_DATA SHOWN_:
=== Section Start ===
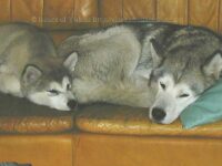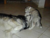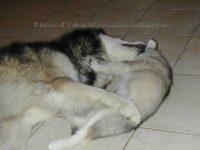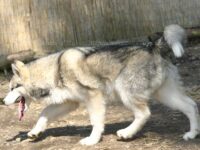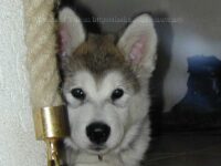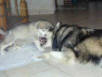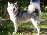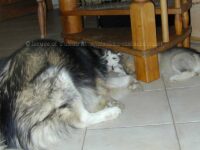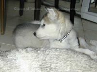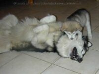 Sie arbeitet gerne im Gespann, kann aber auch sonst allerlei Kunststücke, sie apportiert z.B., trägt ihren Futternapf durch die
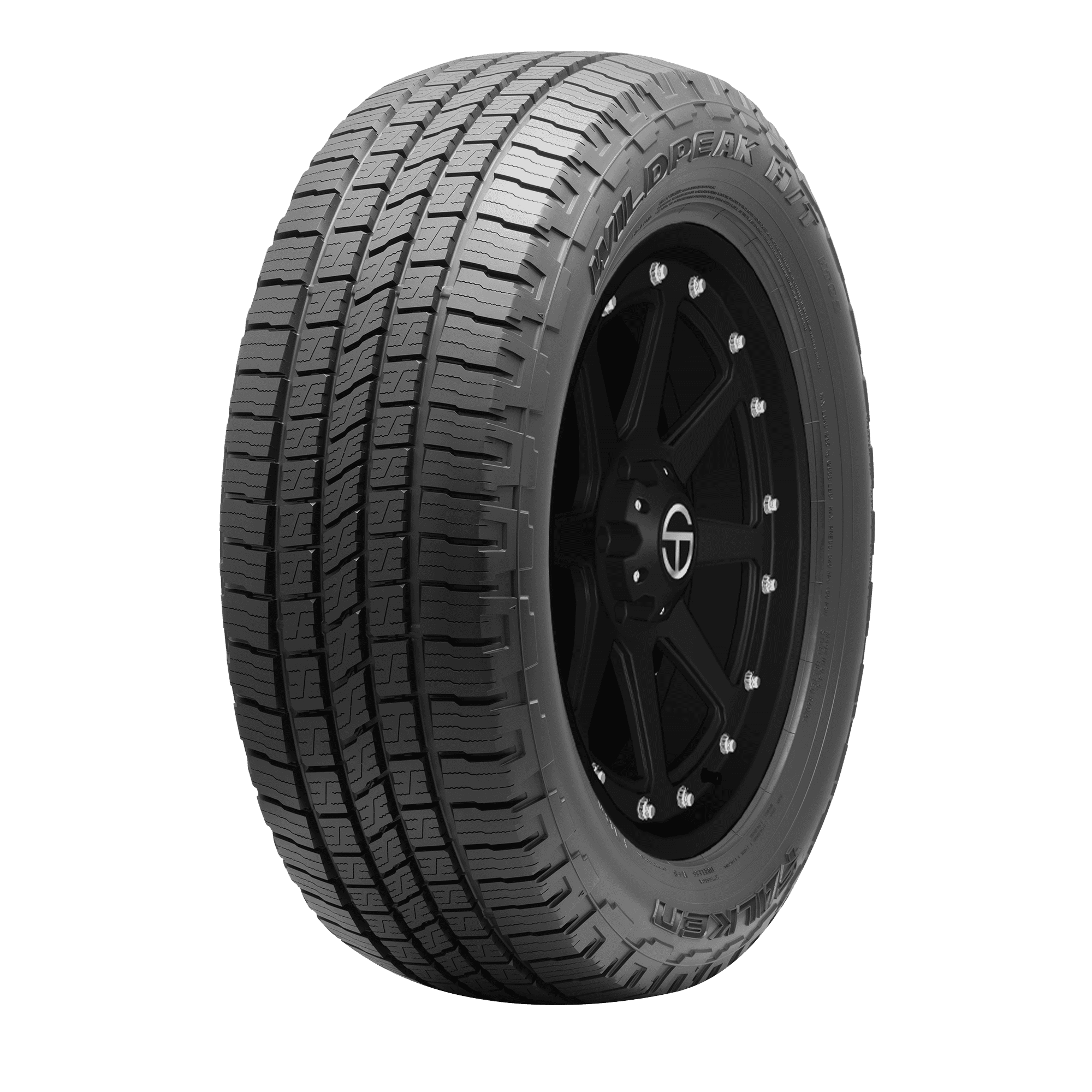 The Wildpeak H/T02 is an all-season tire meant for use on light trucks that offers drivers all-season durability, heavy duty towing capabilities, and an up to 75,000-mile limited tread life warranty. – Features include: Highway terrain tread; Black sidewall; 75,000 mile limited manufacturer tread life warranty for P-metric sizes, and 50,000 mile limited manufacturer tread life warranty for LT-metric sizes (Cargo sizes are not backed by a warranty); Rigid tread blocks and rugged upper sidewall offer enhanced durability and stability; Advanced 4D Nano design and 3D Canyon Sipe technology ensure superior grip and control in various weather conditions; HD Badge for Heavy Duty Construction certifies its ability to handle the heavier loads and more intensive tasks typical to modern truck usage; Silica-enriched compound provides exceptional wet performance and superior wear life; Optimized tread pattern and three variable pitch positions create a quiet ride; Aggressive upper sidewall protect the shoulder of the tire from hazards that are common at construction sites or on the highway; Rigid tread blocks enhance vehicle stability and handling when towing or hauling; Four wide circumferential grooves enhance hydroplaning resistance b – 235x65R16C 121/119R Falken Wildpeak H/T02 Light Truck All Season Tires, part number 28827033 | Falken Wildpeak H/T02 All Season Tires in Blackwall, 235/65R16C 121/119R | SimpleTire
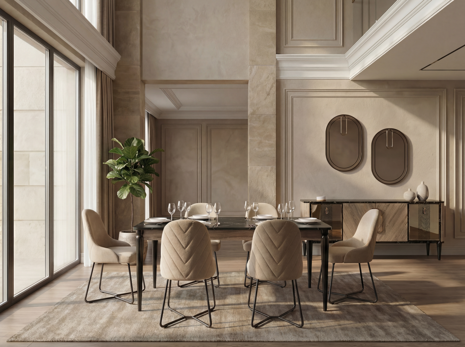 The Dream Dining Set: Modern elegance meets comfortable dining for unforgettable moments.
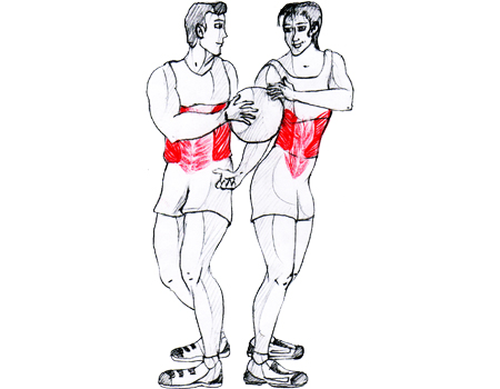 - Stand with a partner with your backs touching. Pass a ball (basket ball or a football) from one side to your partner. The partner receives the ball and passes the ball back from the other side.
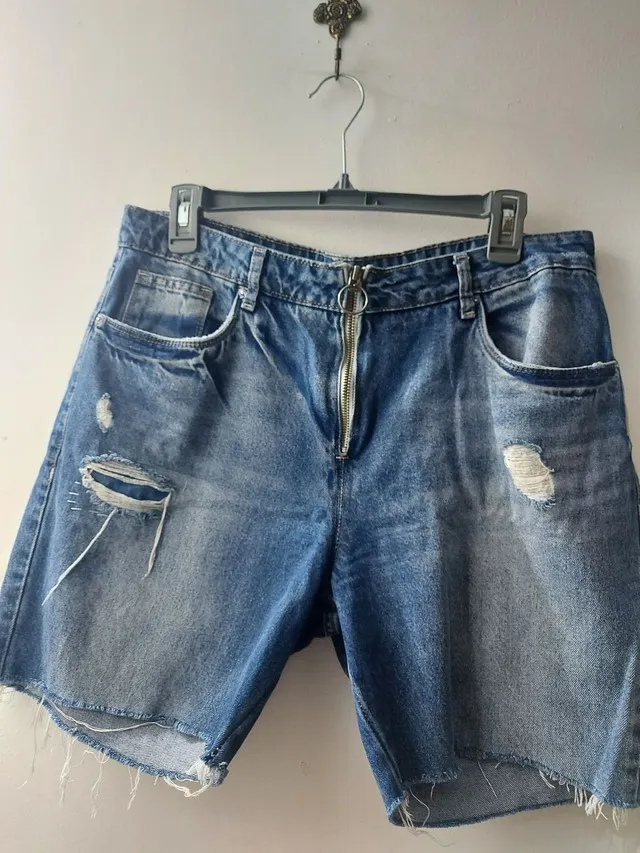 Shorts Jeans, 44 com detalhes desfiado e rasgado, com zíper na frente com argola. Retirar próximo ao Shopping Interlagos zona Sul SP entrego tb no shopping.
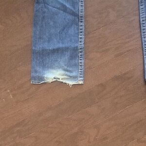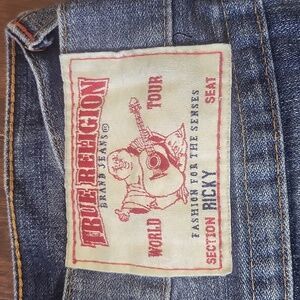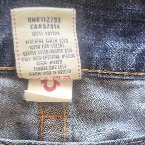 These True Religion jeans feature a classic straight cut in a timeless blue hue, offering a vintage-inspired look with their worn-in aesthetic. The light to medium blue wash and subtle fraying at the hem add character, making them a versatile choice for casual outings.
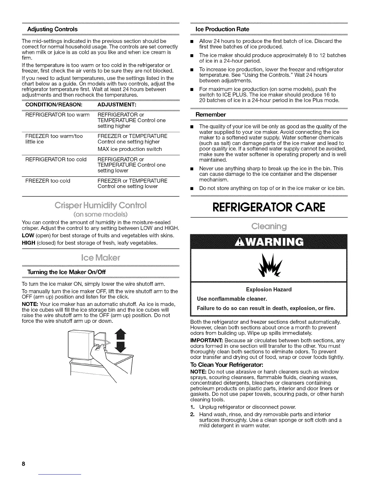To manually turn the ice maker OFF, lift the wire shutoff arm to the
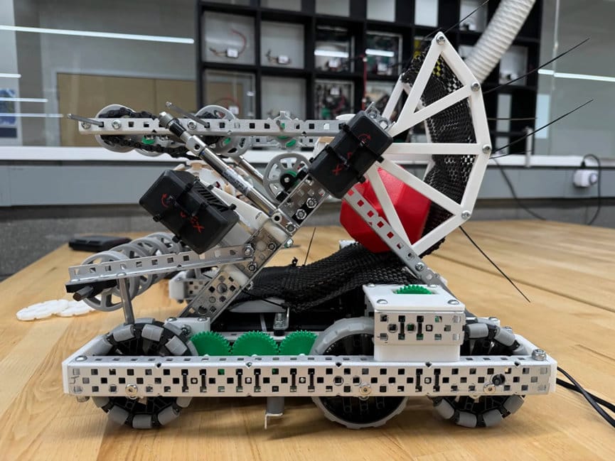 The team primarily uses standard PLA for early prototyping to ensure dimensional accuracy and repeatability. For final components, PLA-CF is used to achieve improved strength while maintaining low weight. This material strategy enables designs that would be difficult or impractical using traditional metal manufacturing, expanding what the team can build within competition constraints.
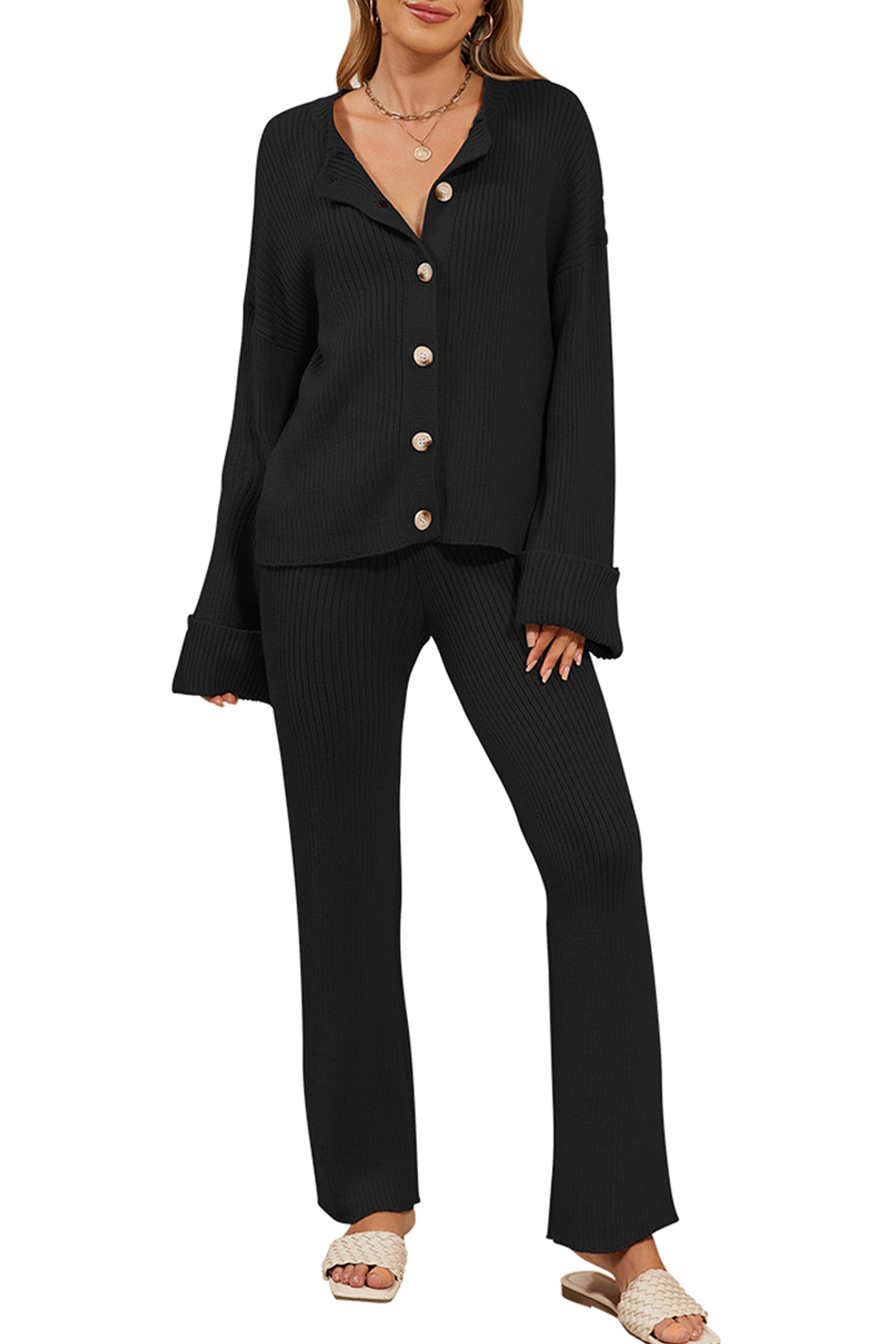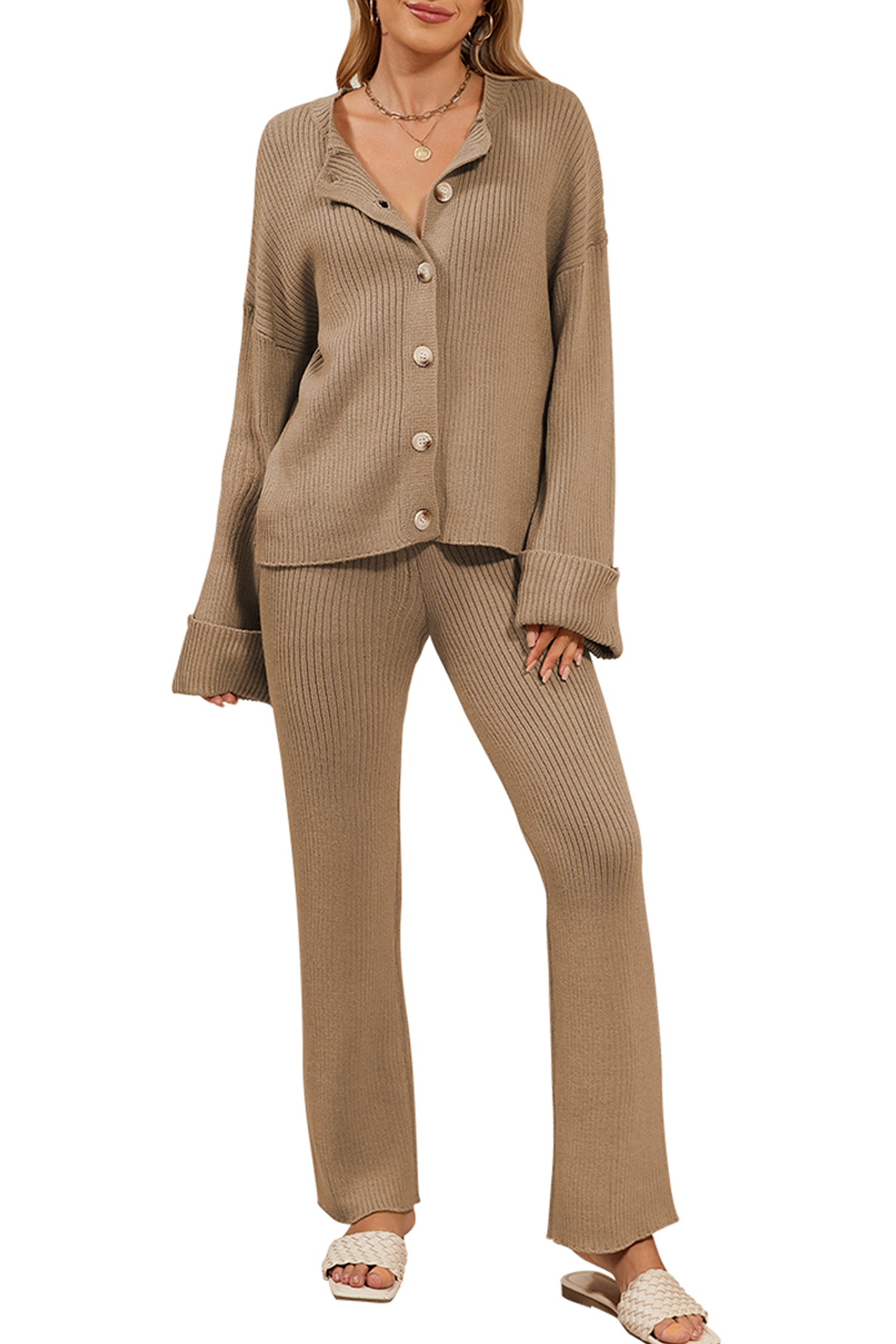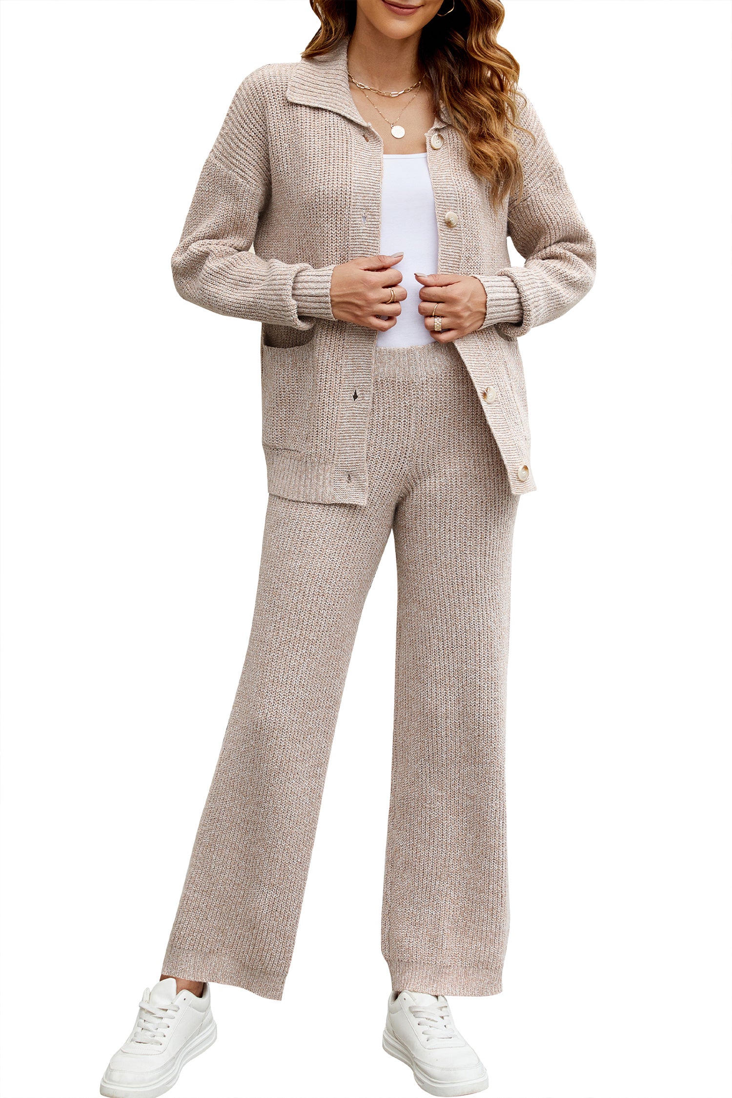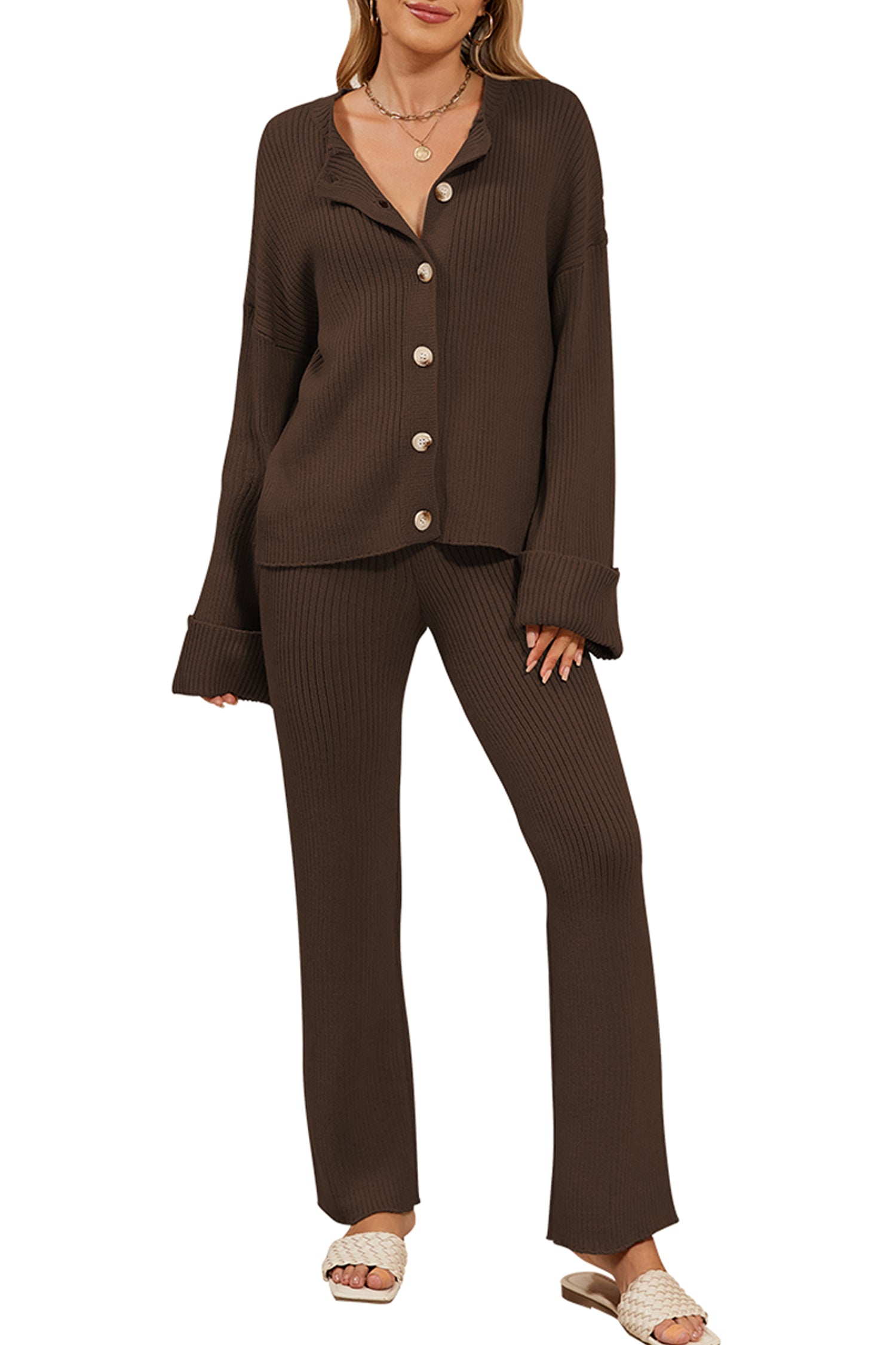 Cakulo Women's Loungewear Button Sweater & Wide Leg Pants Cakulo Women's Loungewear Button Sweater & Wide Leg Pants
=== Section End ===
_WHAT YOU NEED TO DO_:
Set down again, word for word, every line from the one with "- Stand with" to the one with "Shorts Jeans, 44" in the entries above, and omit the pictures.

_WORKED SOLUTION_:
 - Stand with a partner with your backs touching. Pass a ball (basket ball or a football) from one side to your partner. The partner receives the ball and passes the ball back from the other side.
 Shorts Jeans, 44 com detalhes desfiado e rasgado, com zíper na frente com argola. Retirar próximo ao Shopping Interlagos zona Sul SP entrego tb no shopping.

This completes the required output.